Retype only the lines below from the one with "中国选手金博洋在男单短节目比赛中。中新网记者 何蓬磊 摄" to the one with "五穀飯、花椰菜、蘿蔔、水煮蛋、雞絲& 南瓜", inclusive, skipping every image.
══ Information supplied
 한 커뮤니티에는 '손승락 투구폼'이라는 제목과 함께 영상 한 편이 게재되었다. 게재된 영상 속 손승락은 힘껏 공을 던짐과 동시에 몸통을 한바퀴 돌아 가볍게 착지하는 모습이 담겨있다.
════
══ Information supplied
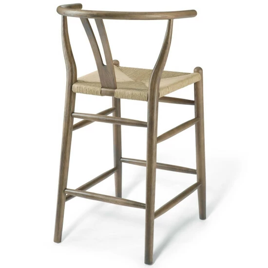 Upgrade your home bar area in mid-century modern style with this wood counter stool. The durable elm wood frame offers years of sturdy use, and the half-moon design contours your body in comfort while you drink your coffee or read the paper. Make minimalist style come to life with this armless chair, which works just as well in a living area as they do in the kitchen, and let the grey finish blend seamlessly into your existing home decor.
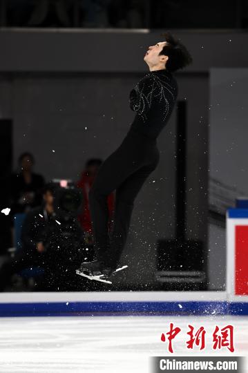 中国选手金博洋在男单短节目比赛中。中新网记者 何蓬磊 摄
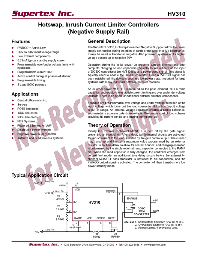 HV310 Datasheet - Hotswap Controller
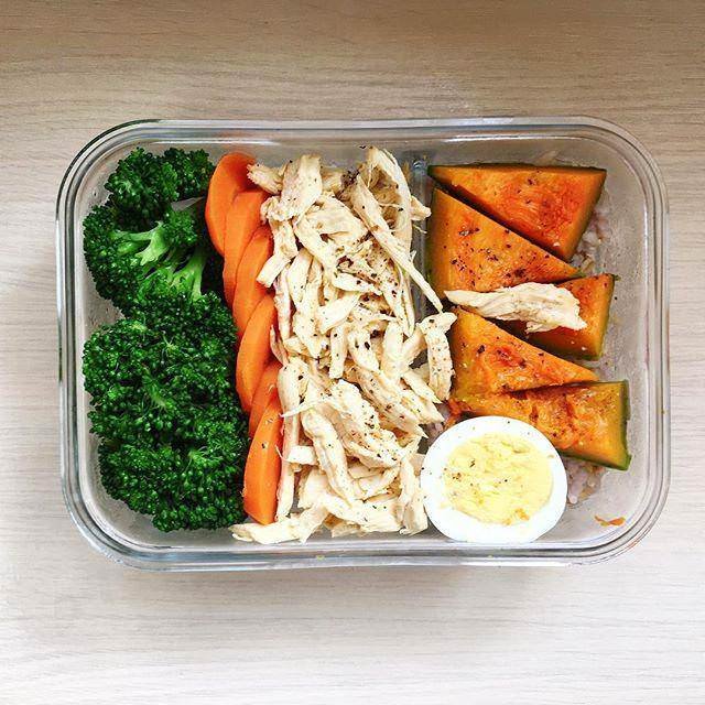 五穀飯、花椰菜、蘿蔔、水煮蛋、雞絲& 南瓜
════
══ Information supplied
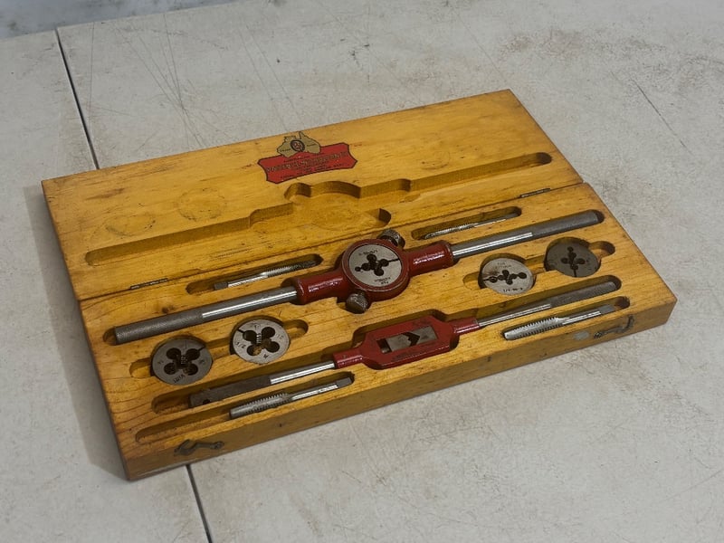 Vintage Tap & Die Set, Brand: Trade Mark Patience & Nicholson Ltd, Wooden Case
════
(Exercise solution):
 中国选手金博洋在男单短节目比赛中。中新网记者 何蓬磊 摄
 HV310 Datasheet - Hotswap Controller
 五穀飯、花椰菜、蘿蔔、水煮蛋、雞絲& 南瓜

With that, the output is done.